Hal Finney wrote:
Brent Meeker wrote:
[Hal Finney wrote:]
When you observe evidence and construct your models, you need some
basis for choosing one model over another. In general, you can create
an infinite number of possible models to match any finite amount of
evidence. It's even worse when you consider that the evidence is noisy
and ambiguous. This choice requires prior assumptions, independent of the
evidence, about which models are inherently more likely to be true or not.
In practice we use coherence with other theories to guide out choice. With
that kind of constraint we may have trouble finding even one candidate
Well, in principle there still should be an infinite number of theories,
starting with "the data is completely random and just happens to
look lawful by sheer coincidence". I think the difficulty we have in
finding new ones is that we are implicitly looking for small ones, which
means that we implicitly believe in Occam's Razor, which means that we
implicitly adopt something like the Universal Distribution, a priori.
We begin with an intuitive physics that is hardwired into us by
evolution. And that includes mathematics and logic. Ther's an excellent
little book on this, "The Evolution of Reason" by Cooper.
No doubt this is true. But there are still two somewhat-related problems.
One is, you can go back in time to the first replicator on earth, and
think of its evolution over the ages as a learning process. During this
time it learned this "intuitive physics", i.e. mathematics and logic.
But how did it learn it? Was it a Bayesian-style process? And if so,
what were the priors? Can a string of RNA have priors?
An RNA string, arising naturally in a particular envirionment, can be modelled
as expressing a prior about the probability of such RNA strings.
And more abstractly, if you wanted to design a perfect learning machine,
one that makes observations and optimally produces theories based on
them, do you have to give it prior beliefs and expectations, including
math and logic? Or could you somehow expect it to learn those? But to
learn them, what would be the minimum you would have to give it?
You'd have to give it the ability to reproduce and an environment in which it
competed with other reproducing learners.
I'm trying to ask the same question in both of these formulations.
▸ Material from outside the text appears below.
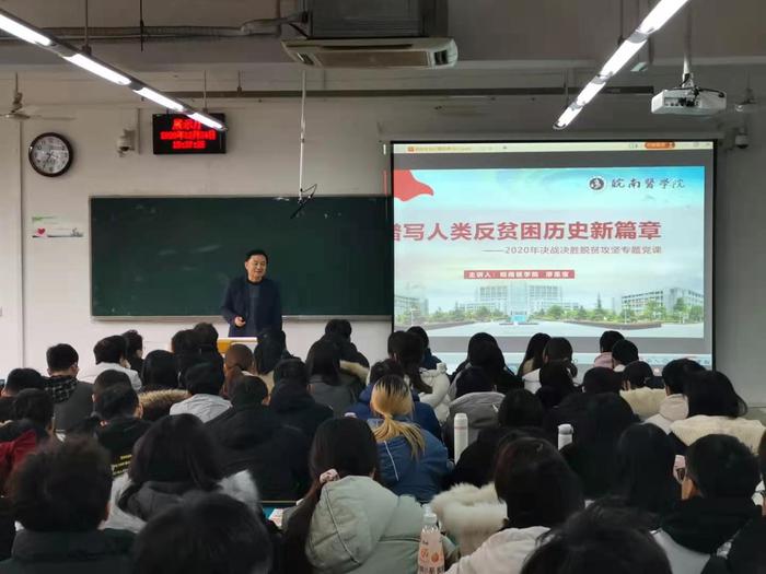 廖圣宝围绕“谱写人类反贫困历史新篇章”主题,通过认真梳理新中国成立以来中国共产党扶贫脱贫事业的演进历程,以生动事例、丰富内容和详实数据,全面展示了我国脱贫攻坚取得的巨大成就,重点讲授了党的十八大以来以习近平同志为核心的党中央从全面建成小康社会大局出发,实施精准扶贫精准脱贫方略,全面打赢脱贫攻坚战,引导学生充分认识中国特色社会主义制度的优越性,勉励同学们厚植家国情怀,自觉听党话跟党走,把“爱国情、强国志、报国行”融入到实现中华民族伟大复兴中国梦的奋斗之中,乘势而上、凝心聚力,以青春之我、奋斗之我,为祖国建设添砖加瓦。整个授课过程坚持把知识传授和价值引领相统一,既注重启发思考,更强化价值引领,春风化雨地给学生以理论滋养和精神力量,教育引导大学生进一步增强“四个意识”、坚定“四个自信”、做到“两个维护”。

On the one hand, we know that life did it, it created a very good (if
perhaps not optimal) learning machine. On the other hand, it seems like
it ought to be impossible to do that, because there is no foundation.
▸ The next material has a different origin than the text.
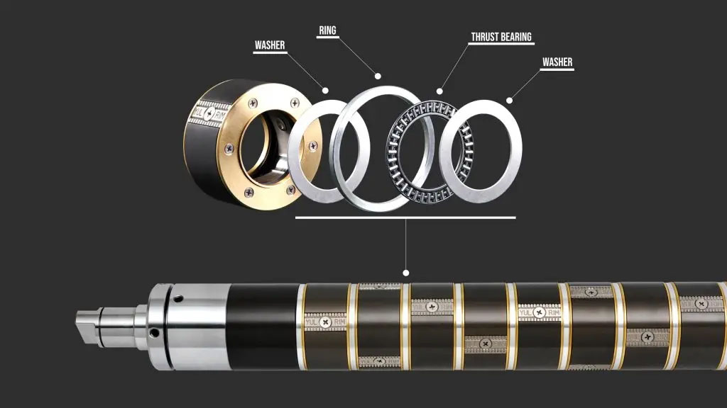 - Thrust bearing units as in the picture below are installed between each cartridge. and This unit prevents torque being affected by its neighbours.

Why aren't elementary particles and entropy gradients enough foundation?
Mathematics and logic are more than models of reality. They are
pre-existent and guide us in evaluating the many possible models of
reality which exist.
I'd say they are *less* than models of reality. They are just consistency
conditions on our models of reality. They are attempts to avoid talking
nonsense. But note that not too long ago all the weirdness of quantum
mechanics and relativity would have been regarded as contrary to logic.
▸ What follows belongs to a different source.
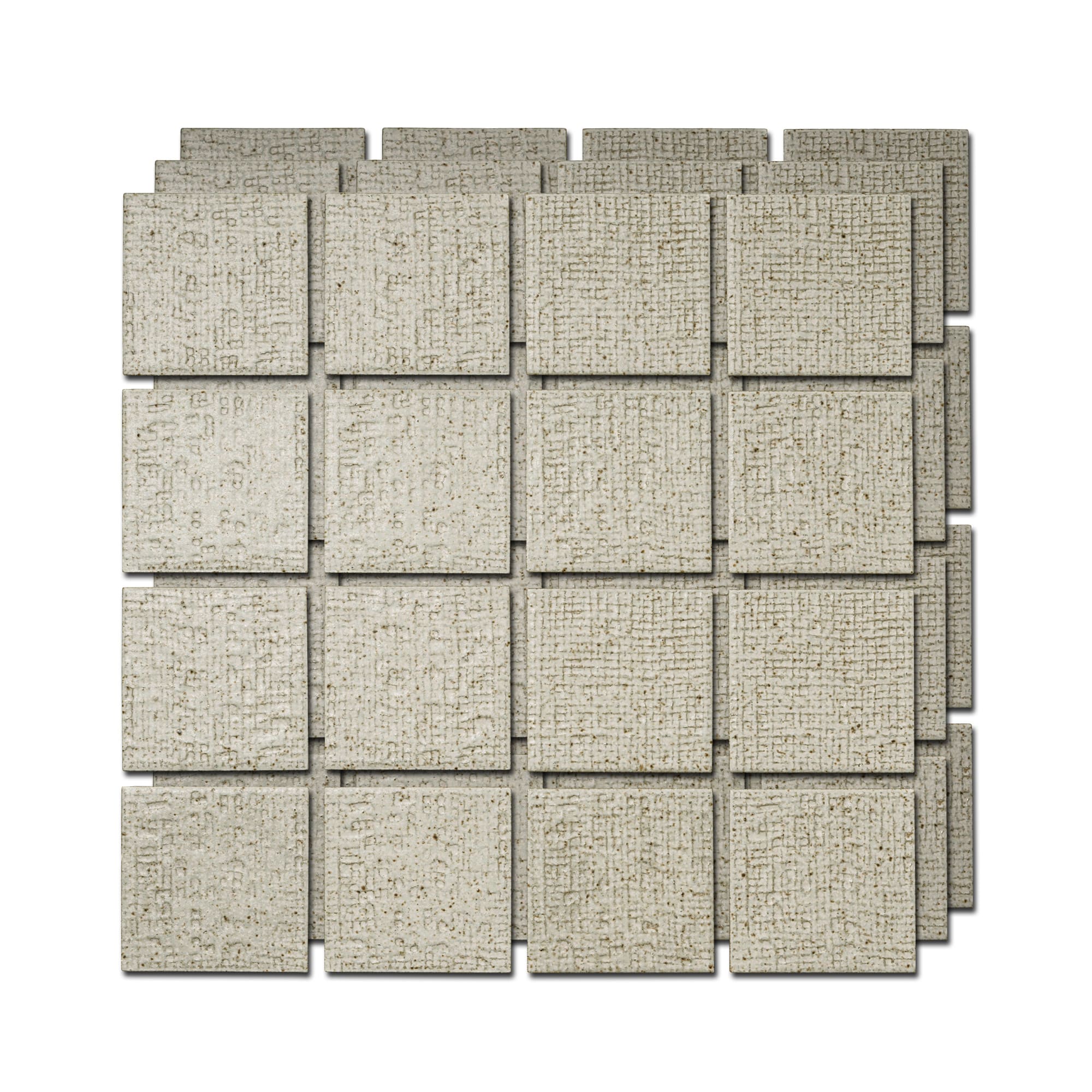 | サイズ | タイルサイズ:W69×H69mm シートサイズ:W300×H300mm(片目地込み, 16枚) 厚さ:T7.5mm 目地幅:6mm |

I guess we could agree that they are "other" than models of reality?
It still strikes me as paradoxical: ultimately we have learned our
intuitions about mathematics and logic from reality, via the mechanisms
of evolution and also our own individual learning experiences. And yet
it seems that at some level a degree of logic, and certain mathematical
assumptions, are necessary to get learning off the ground in the first
place, and that they should not depend on reality.
Why should they be any more independent of reality than say evolution or
folk-physics? I highly recommend Cooper's book.